[Records drawn from a dataset]
# # # # # # #

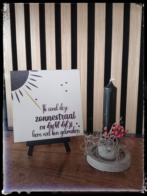 Deze prachtige houten tegel is voorzien van een klein takje onder in de hoek. Deze wordt geleverd op een klein schilders ezeltje. De zonnestraal is goud van kleur
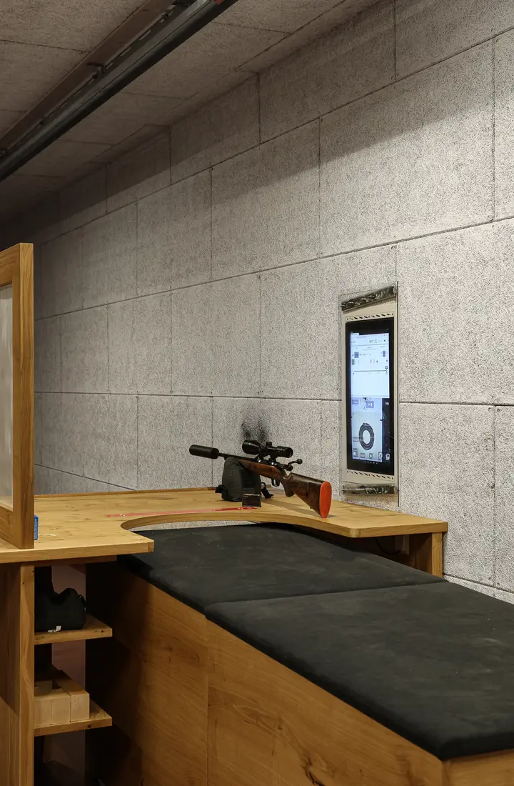 Auf unseren drei 100-Meter-Bahnen haben Sie die Möglichkeit, im Sitzen, stehend angestrichen oder in liegender Position zu schießen. Die Scheibenträger bewegen sich auf Schienensystemen, und die Papierziele lassen sich im Anschluss präzise auswerten. Zusätzlich erfassen Kameras die Trefferbilder aus 100 Metern Entfernung, sodass Sie Ihre Schüsse jederzeit einsehen können, ohne die Scheiben zurückholen zu müssen.
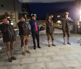 Am 31.1. feierte unser Ehrenmitglied Franz Muigg in voller Rüstigkeit seinen 90er. Die Musikkapelle und die Jagdhornbläser gaben aus diesem Anlass ein Ständchen
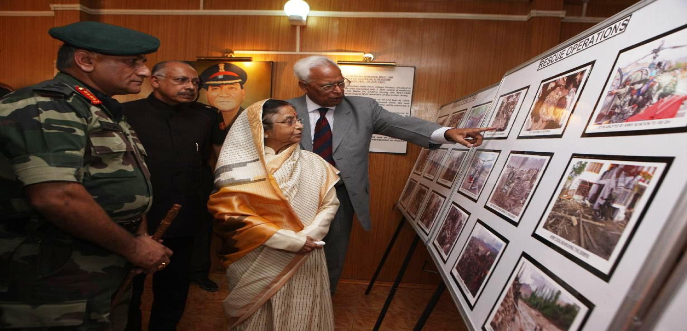 The President of India, Smt Pratibha Devisingh Patil seeing the Rescue Operation Photographs of the Areas Affected by the Cloudburst at Leh in Jammu & Kashmir on Sep 01, 2010
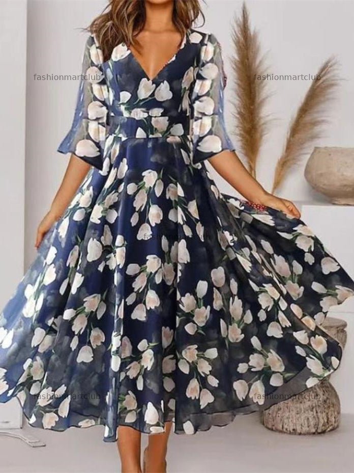 Women's V Neck Half Sleeves Floral Printed Midi Dress
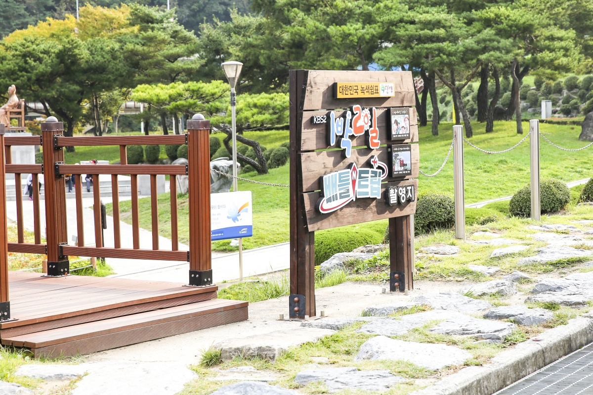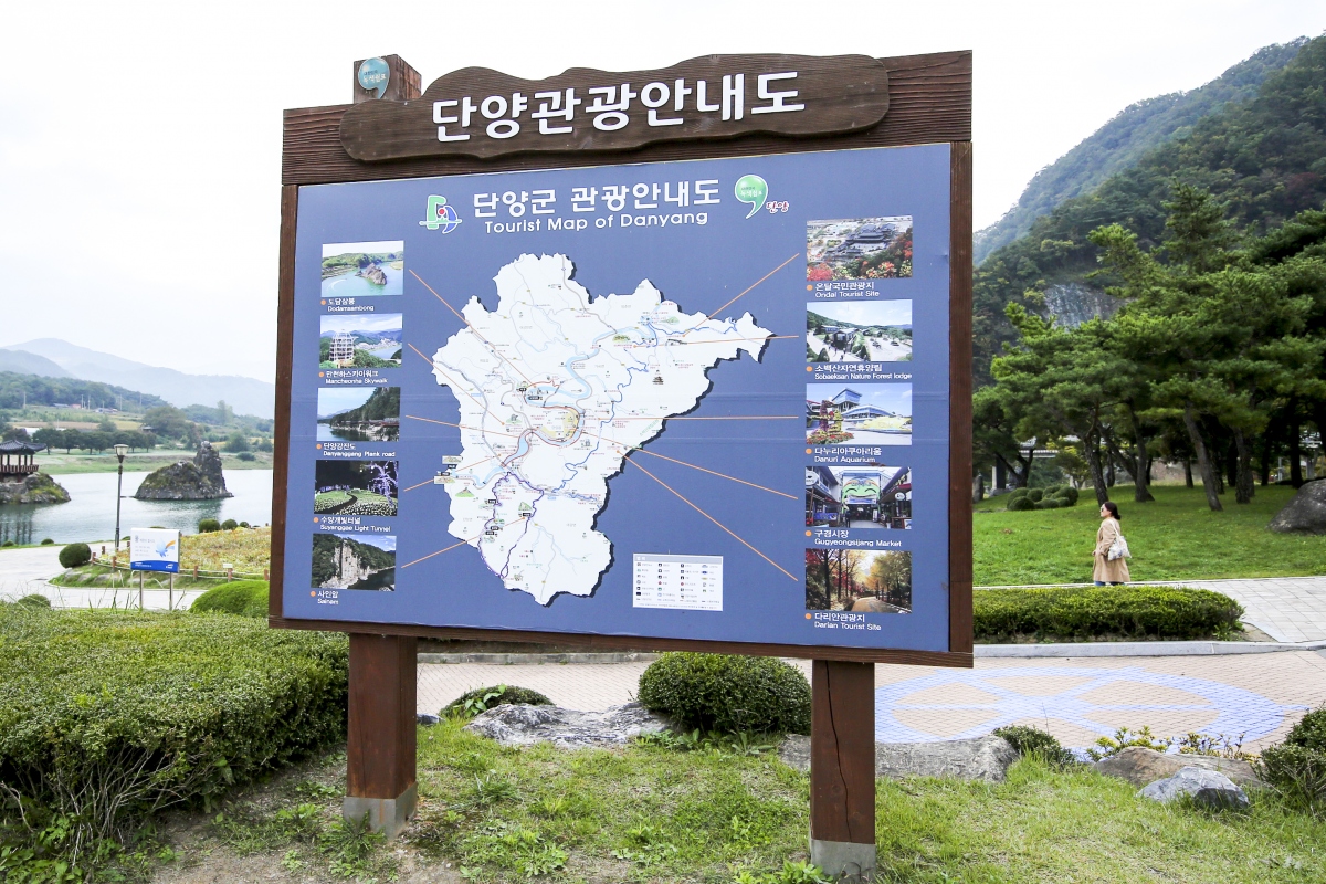 또 공원의 곳곳에는 TV예능프로그램이 다녀간 흔적과 도담삼봉을 배경으로
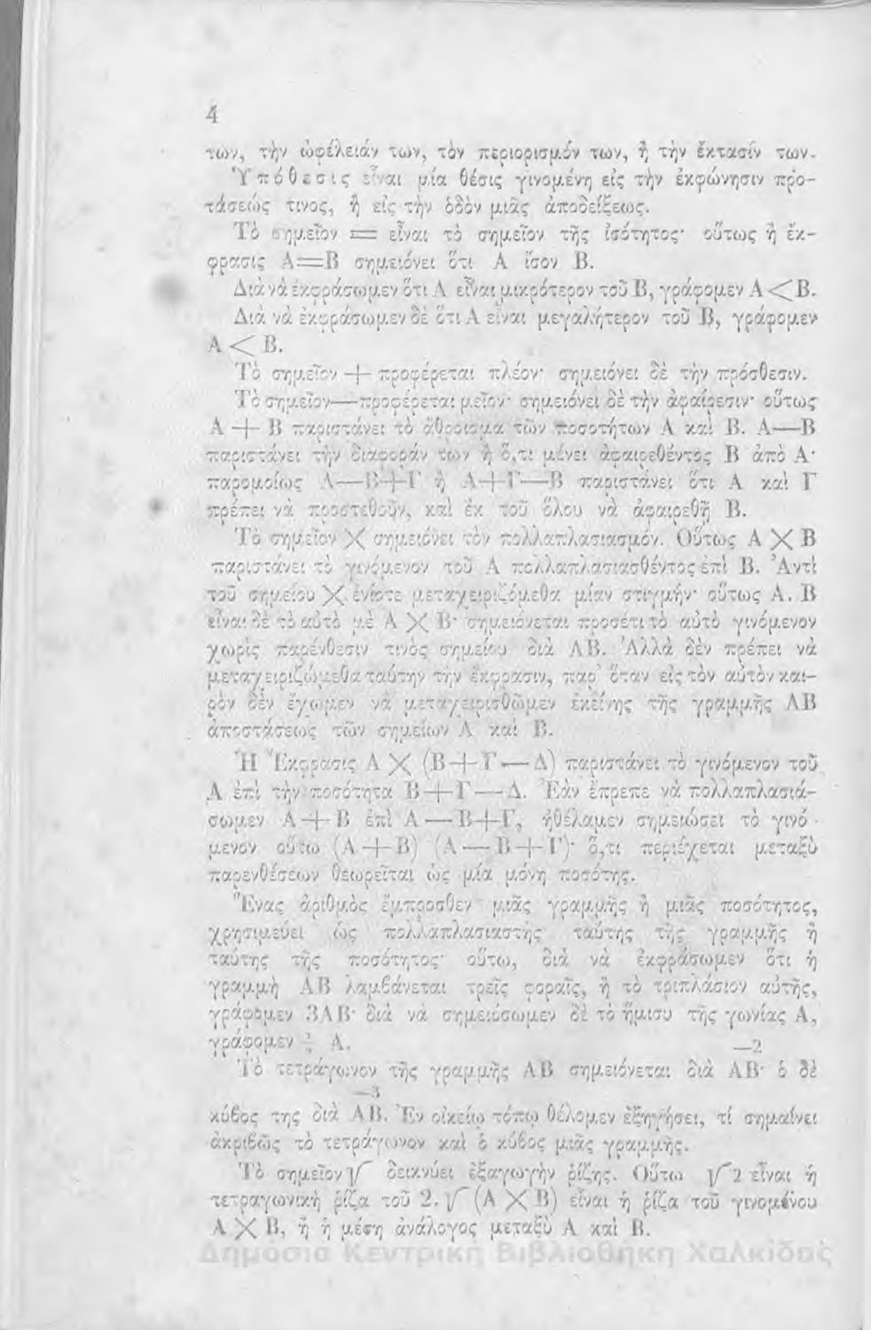 Άλγεβρας μαθήματα : τα του πρώτου και του δευτέρου βαθμού. Προς χρήσιν των μαθητευόντων εν τοις γυμνασίοις της Ελλάδος
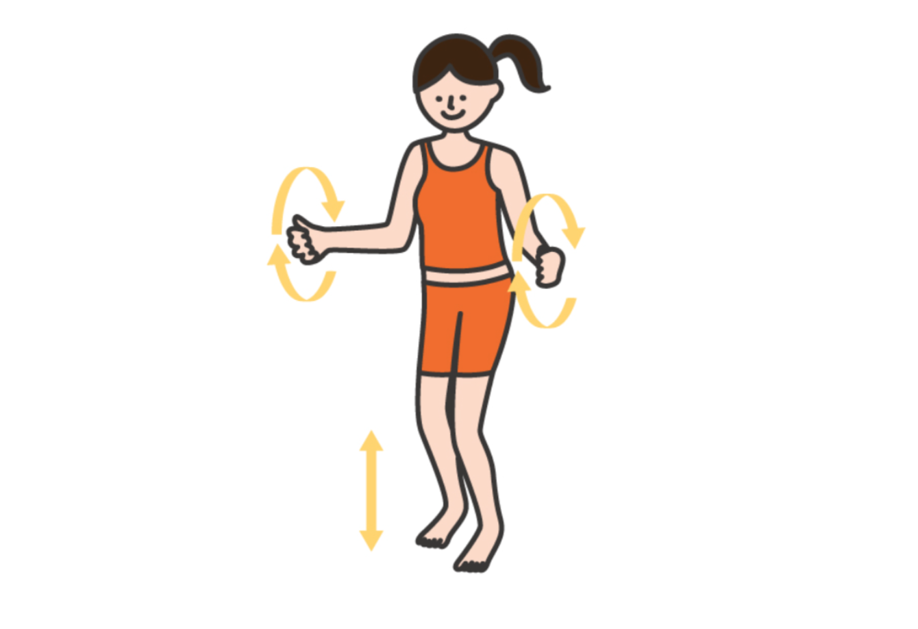 腕も縄を回すように大きく動かすと、上半身と下半身を同時に動かせて効率的です。
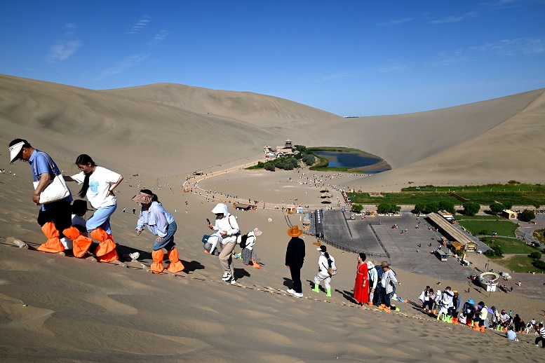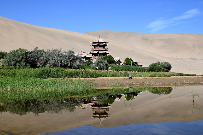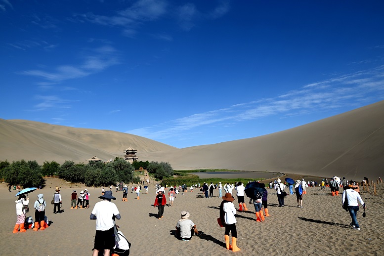 初秋时节,甘肃省敦煌市鸣沙山月牙泉景区风光迷人、景色如画。

# # # # # # #

Each line above must be repeated exactly in the answer, with pictures omitted.

 Deze prachtige houten tegel is voorzien van een klein takje onder in de hoek. Deze wordt geleverd op een klein schilders ezeltje. De zonnestraal is goud van kleur
 Auf unseren drei 100-Meter-Bahnen haben Sie die Möglichkeit, im Sitzen, stehend angestrichen oder in liegender Position zu schießen. Die Scheibenträger bewegen sich auf Schienensystemen, und die Papierziele lassen sich im Anschluss präzise auswerten. Zusätzlich erfassen Kameras die Trefferbilder aus 100 Metern Entfernung, sodass Sie Ihre Schüsse jederzeit einsehen können, ohne die Scheiben zurückholen zu müssen.
 Am 31.1. feierte unser Ehrenmitglied Franz Muigg in voller Rüstigkeit seinen 90er. Die Musikkapelle und die Jagdhornbläser gaben aus diesem Anlass ein Ständchen
 The President of India, Smt Pratibha Devisingh Patil seeing the Rescue Operation Photographs of the Areas Affected by the Cloudburst at Leh in Jammu & Kashmir on Sep 01, 2010
 Women's V Neck Half Sleeves Floral Printed Midi Dress
 또 공원의 곳곳에는 TV예능프로그램이 다녀간 흔적과 도담삼봉을 배경으로
 Άλγεβρας μαθήματα : τα του πρώτου και του δευτέρου βαθμού. Προς χρήσιν των μαθητευόντων εν τοις γυμνασίοις της Ελλάδος
 腕も縄を回すように大きく動かすと、上半身と下半身を同時に動かせて効率的です。
 初秋时节,甘肃省敦煌市鸣沙山月牙泉景区风光迷人、景色如画。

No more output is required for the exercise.